Pain whether physical, emotional, or psychological, all sorts, are simple facts of life. While dealing with your own pain is a critical part of life, what is just as important is helping others who are hurting. All pain, including physical, comes with emotions of sadness, weakness, loneliness, etc. You can’t fix their physical pain, but you can ease their emotional pain that comes with it. If you have a friend or family member in pain, here are four practical steps on providing them the support they need.
- Listen: People want to be heard. They want to be able to freely share their concerns and cares. Simply letting someone in pain share why they are feeling bad can be a great kindness. At least at first, you should focus solely on listening. The first stage of healing from pain is accepting and processing the hurt. Stay away from direct advice or criticism, and don’t try to talk them out of their hurt. Your goal should not be to ‘fix’ the problem.

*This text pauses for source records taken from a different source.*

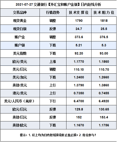 欧元区 对欧元昨晚走势形成影响的因素主要有,一项调查显示由于持续的供应链担忧和新冠病毒感染病例上升,德国7月企业景气判断指数意外下降;伊福经济研究所(Ifo)公布,德国7月IFO企业景气判断指数为100.8,低于6月修正后的101.7,当然也低于市场预期的102.5。但是对欧元影响较小,美元的回落提供了欧元反弹的动能。
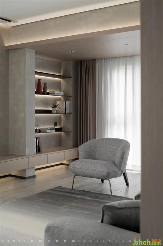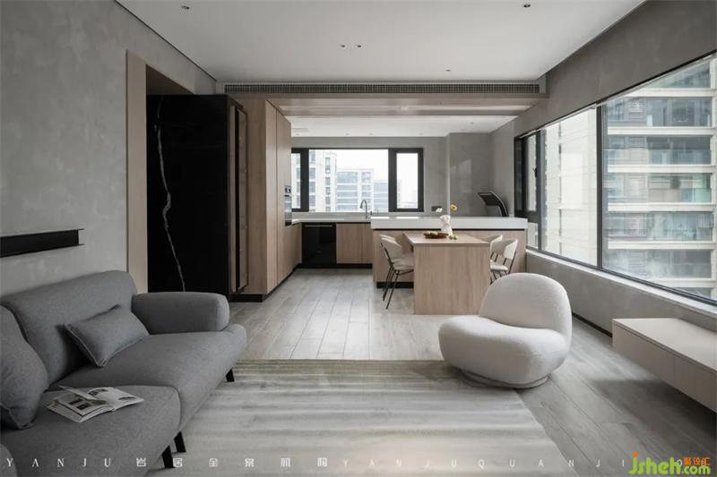 內(nèi)包進(jìn)來的陽臺做成了全落地窗的形式,一來優(yōu)化采光,二來方便公共區(qū)域的通風(fēng)。
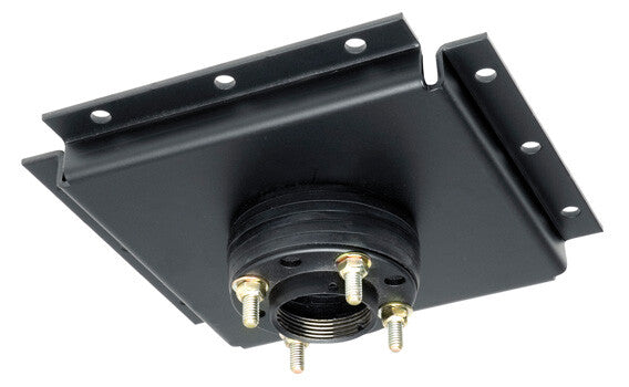 Structural ceiling plate includes integral high density rubber decoupler assembly to help prevent vibrations from damaging the equipment mounted. Unit has 1 1/2-11.5 NPT fitting for attachment of fixed or adjustable length extension column. Ceiling plate attaches to concrete beam, slab, or other structural member. Model DCS200 supports single screen installations while DCS400 supports multi screen installations (see Peerless Multi Displays).
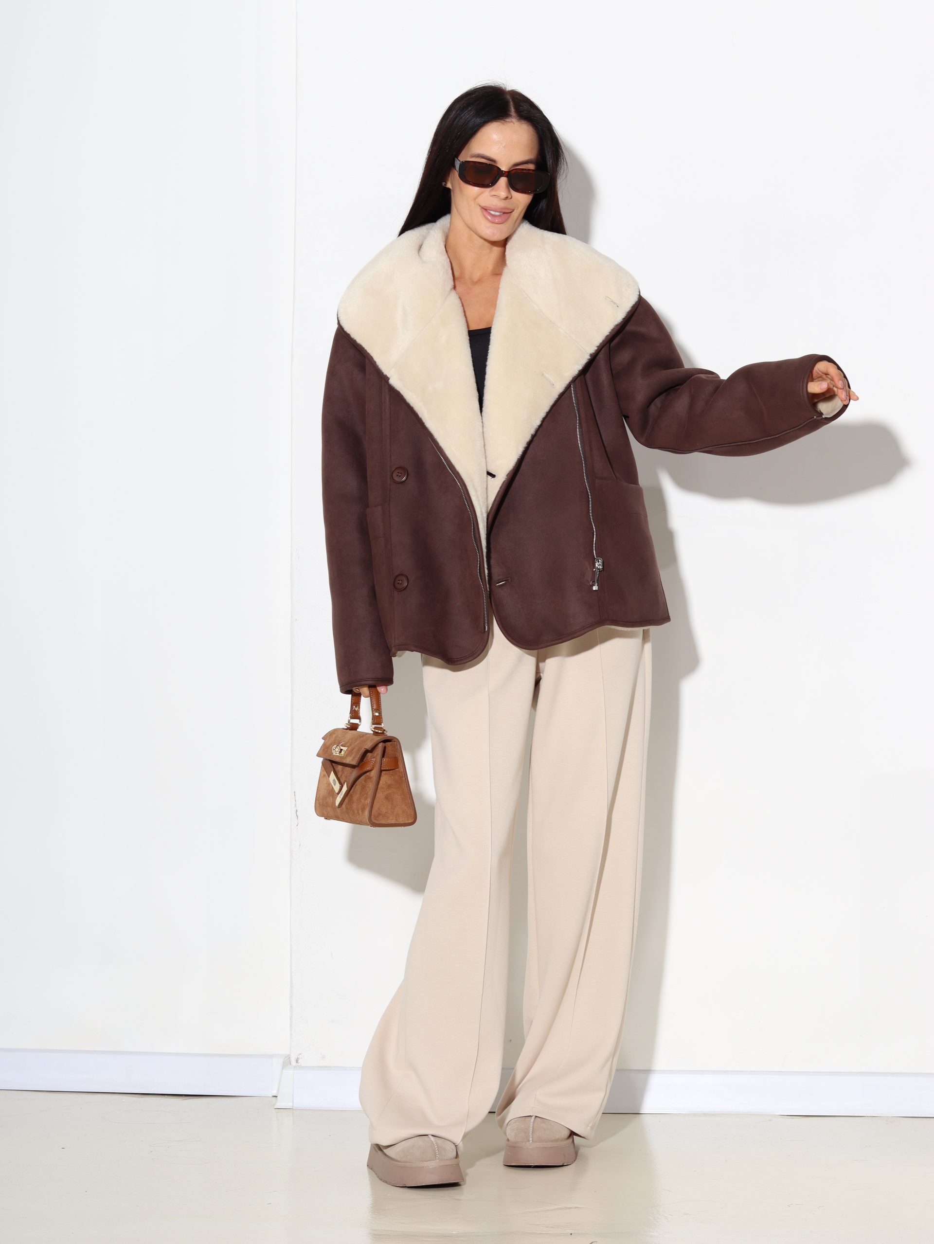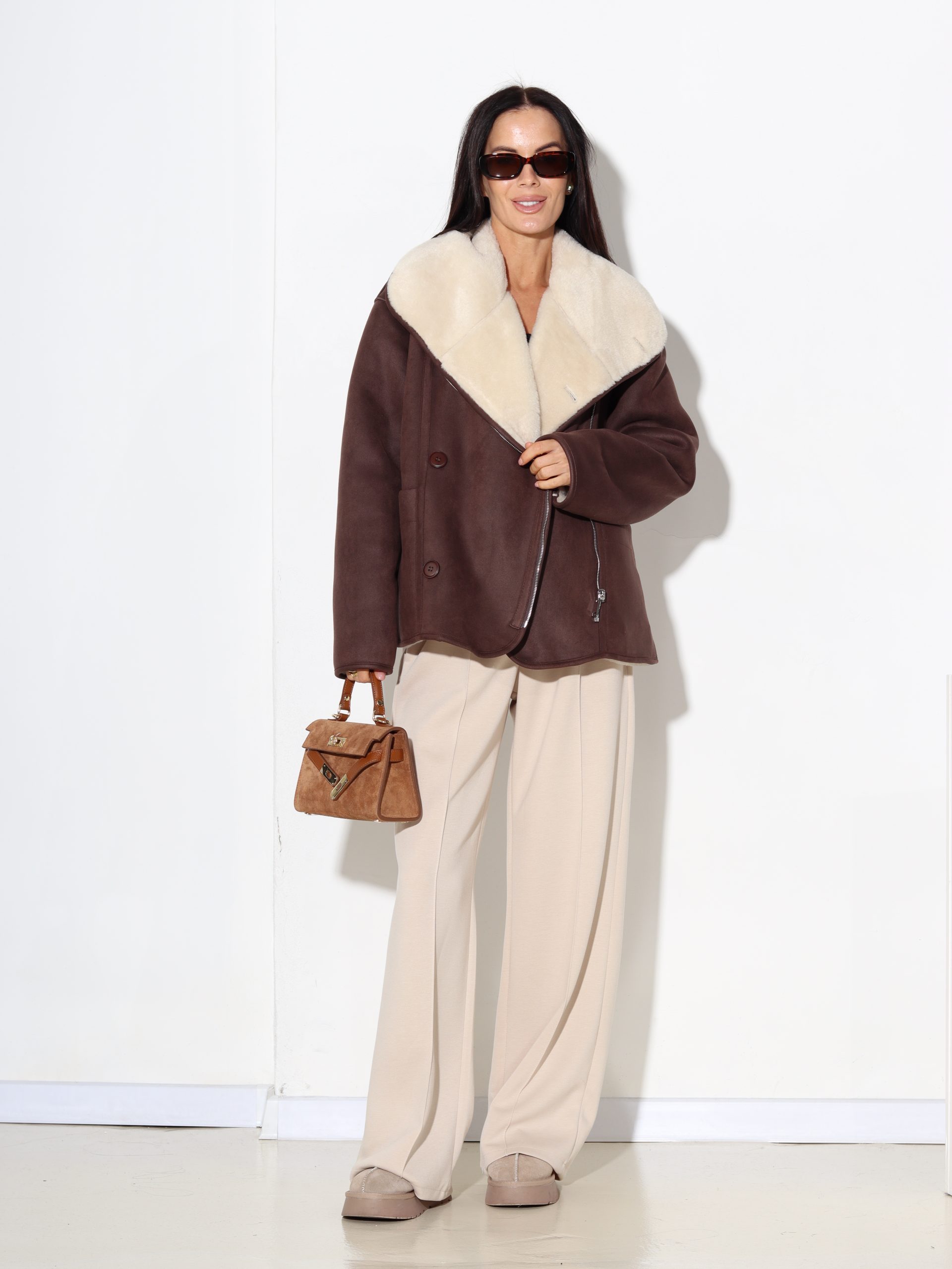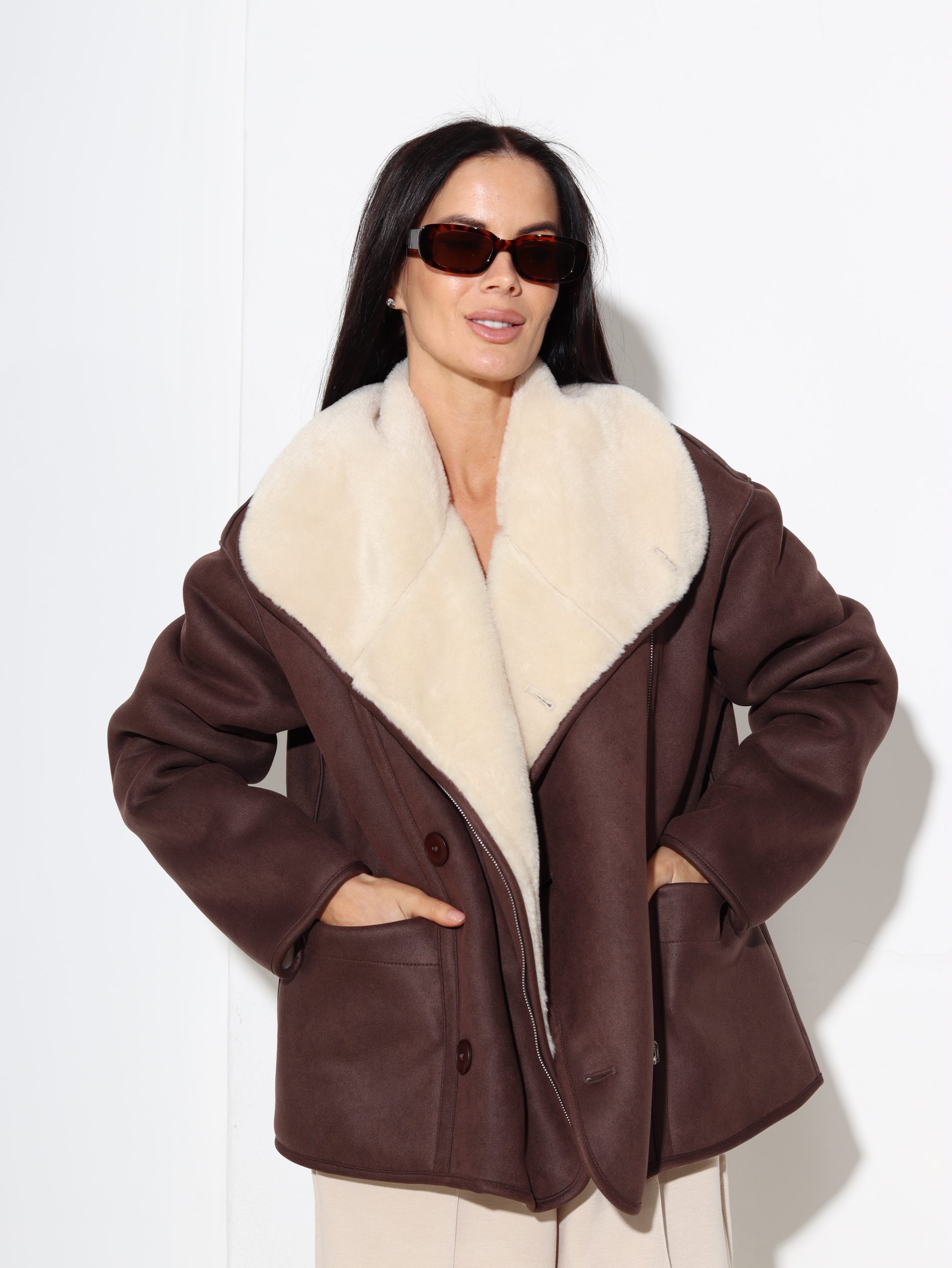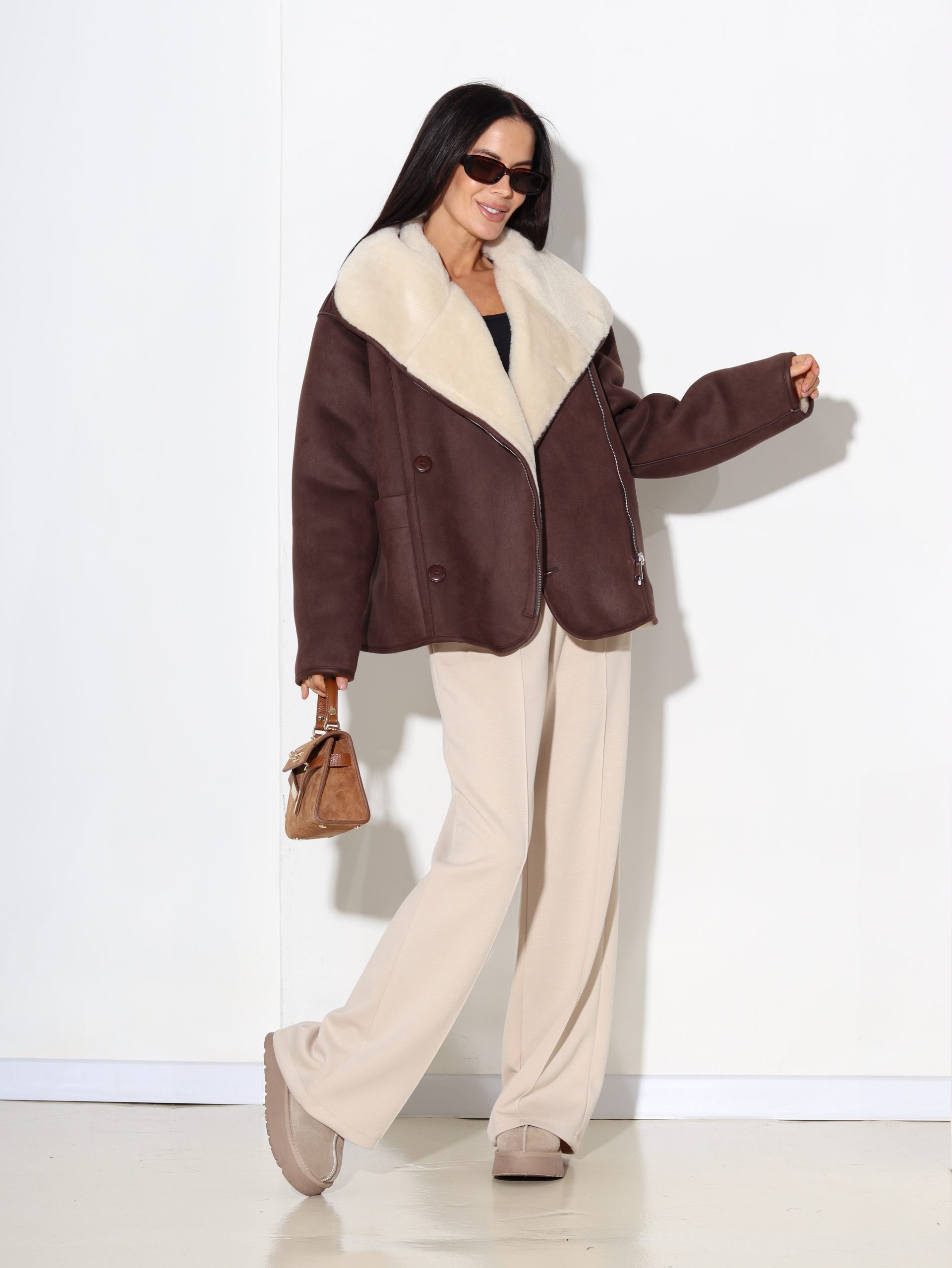 Šoko/brūna+ bēša divpusēja virsjaka ar apkali – 17177
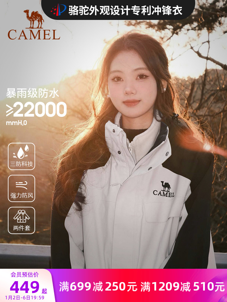 Camel Storm Jacket Women's Three-In-One parka Outdoor Down jacket Heavy Rain Waterproof Outwear Winter Plus Velvet Mountaineering Jacket
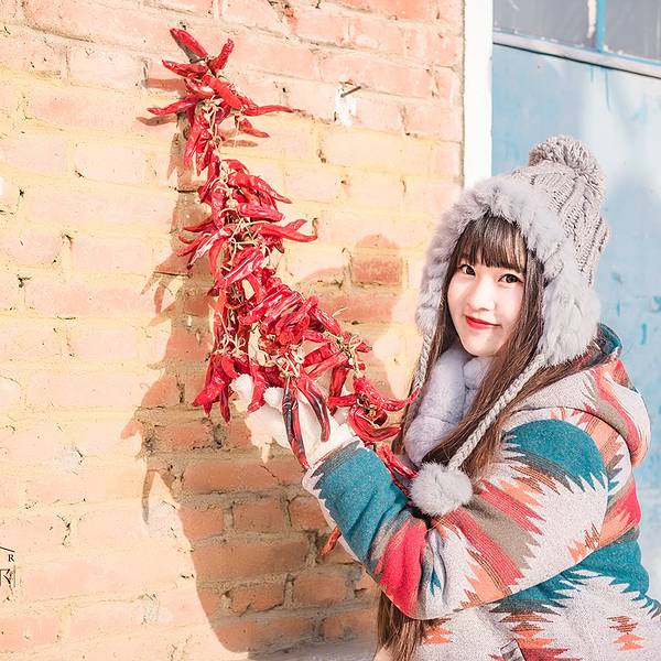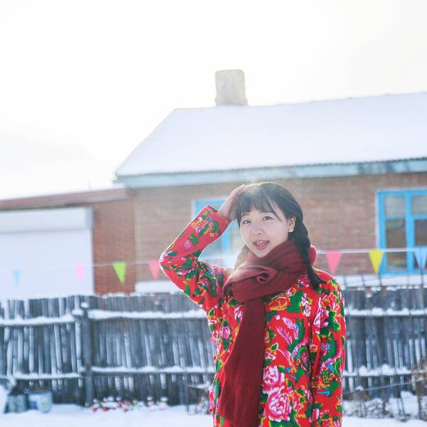 在雪地配这身衣服,确实喜庆,短时间内居然忘记了寒冷。
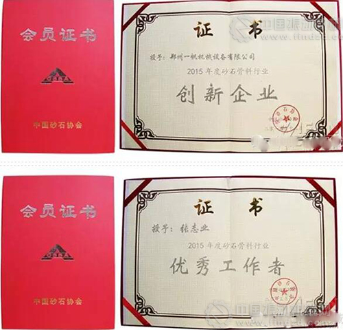 作為砂石骨料行業(yè)專家的鄭州一帆機械,在此次大會中非常榮幸的獲得了《2015年度砂石骨料行業(yè)創(chuàng)新企業(yè)》的榮譽稱號并頒發(fā)了證書;公司總經(jīng)理張志業(yè)以及銷售總監(jiān)張現(xiàn)團同時獲得《2015年度砂石骨料行業(yè)優(yōu)秀工作者》的榮譽,其中張現(xiàn)團總監(jiān)還被協(xié)會聘請為中國砂石協(xié)會第七屆理事會專家委員會委員。
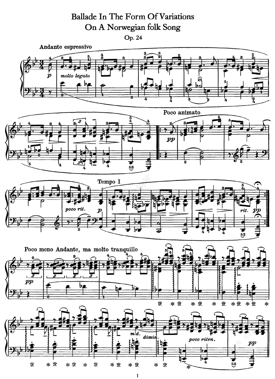 挪威民歌变奏叙事曲 Ballade on a Norwegian Folk Song Op.24
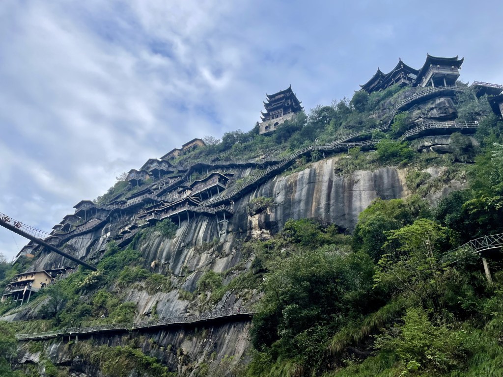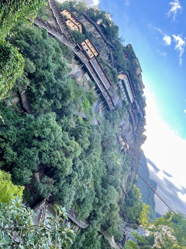 The valley is very different by day. It’s clear that it is a resort and recently built for tourism purposes, rather than the buildings having any long-standing history. An information board told us that the valley had been plagued by flooding – buildings were destroyed, roads washed away and a town and it’s people found themselves submerged in water. Hope was lost until a celestial boat appeared, floating through the floodwater to save them, while white cranes transformed into bridges to help them cross from side to side. A Taoist temple now sits above the valley, telling this tale and offering both a place of peaceful reflection and incredible views.
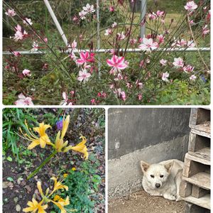 ガウラ沢山咲いてます✨ 黄色いリコリスまた出てきました💛 今朝昨日🐶が居た所を見て来ましたが居ませんでした🥲仕事が終わりまた昨日の場所に行ったら居ました白いのだけ💦 役場の人に直ぐ来てもらい捕まえようとしたのですが逃げられてしまいました。仕掛けを仕掛け様子を見る事に😣
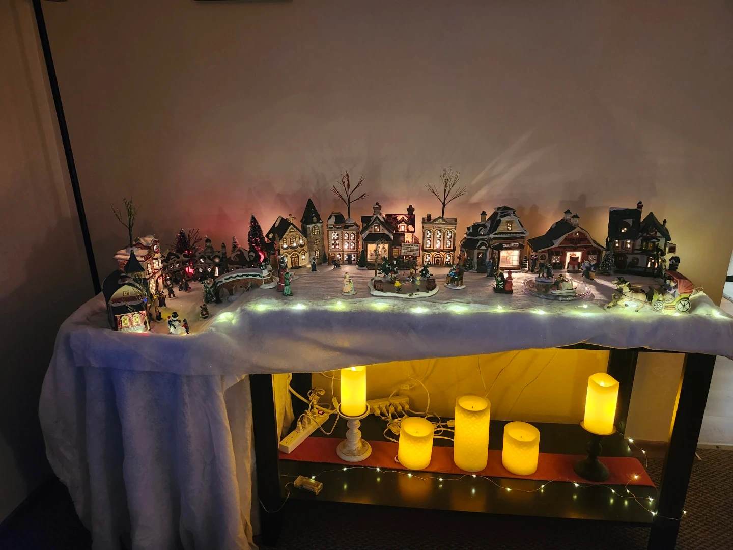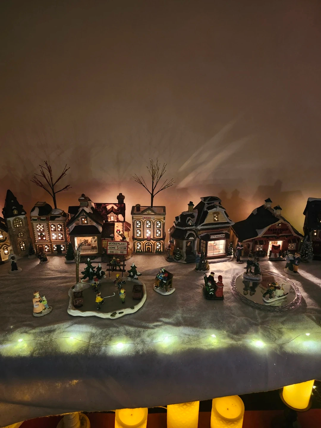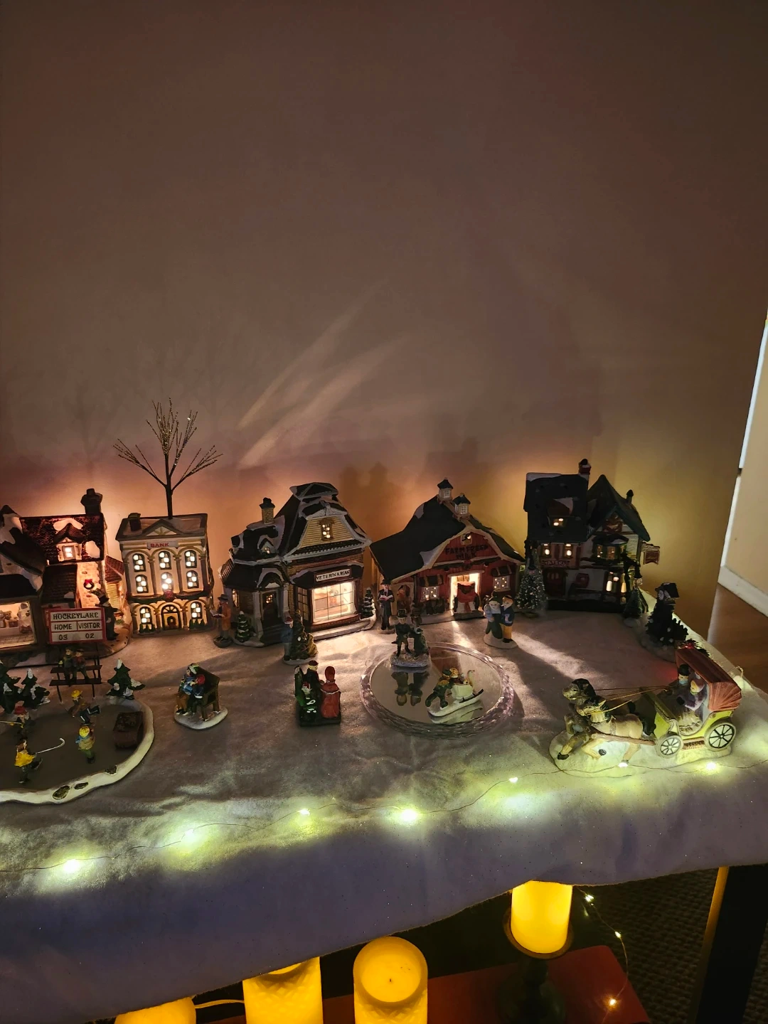 A charming collection of illuminated Christmas village buildings and figurines, set on a snowy display. This festive scene includes various houses, a skating rink, and people, all lit with warm lights to create a cozy holiday atmosphere. It's perfect for creating a captivating holiday display. The candles below are not for sale. Available for pickup only, no hold, cash only please. All are in original boxes within bigger boxes, for better transport.
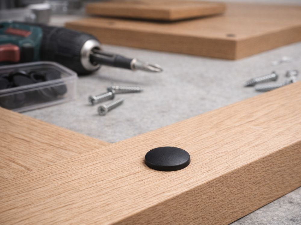 Šie melnie skrūvju vāciņi ir praktisks un elegants risinājums, lai nomaskētu redzamas skrūvju un stiprinājumu galviņas. Tie ne tikai uzlabo mēbeļu estētiku, bet arī aizsargā skrūves no putekļiem, mitruma un korozijas, pagarinot to kalpošanas laiku.

- Use touch: Our bodies are an essential part of what makes us human. We feel better when we can make physical contact with people who care about us — especially in difficult moments. A warm hug is one of the best ways to communicate that you care. Touch provides someone in pain with a visceral sense that they are supported and loved.
- Ask questions: It’s good to ask questions to clarify your understanding of the situation. Asking questions is a way of showing you really do care about what’s causing them trouble. Questions can help a person better understand their own pain, which can be a crucial step toward healing. Pain is often complicated. Exploring emotional hurt in all its intricacies is important to eventual recovery.
- Give advice: You should not offer advice to someone in pain immediately. The first step of the recovery process is to simply experience the pain for a while. Once you have provided support in other ways and understand better what the trouble is, you can begin to offer practical advice on dealing with the source of the problem. Just avoid pat, overly simple advice that dismisses the seriousness of the pain.
Helping someone who is suffering pain is one of the kindest acts you can perform. It is also a necessary part of being a good person. Everyone must try to care for those they love when those loved ones are hurting. This moral imperative is why learning how to better support a person in pain is so important.